A movie with such a big budget and stars such as Russell Crowe and Paul Bettany needs to be as historically accurate as possible. Peter Weir‘s 2003 blockbuster film Master and Commander: The Far Side of the World used the services of Lavery as a historical consultant. I thoroughly enjoyed watching the ship battles and the movie sets being put to use. Warships began to carry an increasing number of cannons on their broadsides by the middle of the 17th century. In order to bring each ships’ firepower to bear in a line of battle tactics had to evolve.
For those like myself who know precious little about the layouts of sailing vessels Lavery pulls together information from various sources to make a very enjoyable and digestible book on model ships. His book is broken down into seven chapters: Labour and Materials, Starting the Ship, Frames, Outside Planking, Inside the Hull, Fittings and In the Water. Each of those chapters includes very clear photographs of specific ship models, a robust description of ship construction techniques and interesting illustrations and historical manuscripts. All of these elements together creates an interesting story for the reader to follow, from start to finish, so the reader can understand more than just the construction techniques used to build a ship. The reader is educated on the costs of building a ship, how locations are scouted for building a ship, and the lumber used among many subjects covered over 128 pages. The pages are crisp, the illustrations and photos are clear, and I cannot express enough how enjoyable this book is to read.
Lavery offers lots of bits of interesting facts about shipbuilding. For example, he wrote, “Shipyards were relatively simple in the 18th and 19th century and needed little capital equipment. The main requirement was a site on a firm bank close to the river which was deep enough for launching the ship.”
The sections on British dockyards, shipwrights, and the tools used are interesting. Whole communities of people were built around the dockyards. There is a section written of on the different parts of trees used and how timber is stored that really piqued my interest. British Oak was preferred for ship building so not just any kind of timber would do. Each piece had to be large enough to be useful. Timber merchants provide most of the materials. It was noted that fir timber coming from North America in general did not have the strength of the Baltic fir, and oak from the southern provinces ‘is not fit for the navy.’ These little fascinating insights made my Sunday coffee and book reading afternoons very enjoyable.
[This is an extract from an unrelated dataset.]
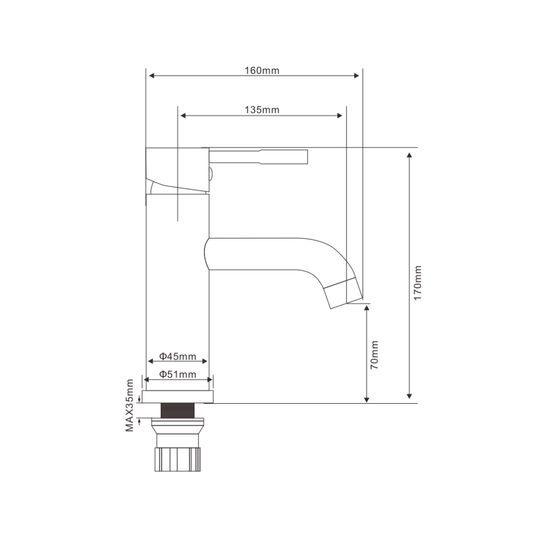 Смеситель для раковины AKERO, выполнен из прочной и долговечной нержавеющей стали SUS 304, устойчивой к коррозии и механическим повреждениям. Его гладкая поверхность приятна на ощупь и легко чистится. Размеры смесителя обеспечивают удобство использования и комфортный напор воды. Длина излива — 135 мм, что оптимально для большинства раковин. Диаметр основания составляет 51 мм, обеспечивая устойчивое положение смесителя.

At one time in England their Royal Dockyards employed more than 15,000 men and they were not devoted to building ships but rather for maintenance. Various types of ships, from 20 gun ships to 74 gun ship and even more, are written about and a reader can see the sizes compared and contrasted on the pages. The longest wooden ships in known history measured from 59-56 meters (193 to 184 feet) to over 100 meters (328 feet). The Appendix covers the proposed cost of the shipwrights’ work in building several vessels and for repair and it lists ships with 100, 74, 44, or 32 guns.
By the 1790s construction methods allowed for the windows of the wardrooms and the galleries and captain’s cabins to be lighter. Ships fought rigidly in the line of battle and their sterns were rarely exposed to gun battle. Nelson and others began to change tactics and one was to rake the enemy by getting across their stern and firing through the weak structures.
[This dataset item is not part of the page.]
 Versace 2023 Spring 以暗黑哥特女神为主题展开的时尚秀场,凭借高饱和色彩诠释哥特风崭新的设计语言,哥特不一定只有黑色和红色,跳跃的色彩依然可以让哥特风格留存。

Lastly, one of the coolest bits of information given is that some of the ship images have a catalog number written on them. Simply by going to the museum’s website and entering the corresponding number marked on the photo will take you to that particular ship web-page where you can find much more about the ship and model in the maritime museum’s extensive collection. Here is the collections website. Again, just enter the corresponding reference number in the search box.
If you get a chance, pick up one of these books, either for yourself or for a friend. I believe you will enjoy it.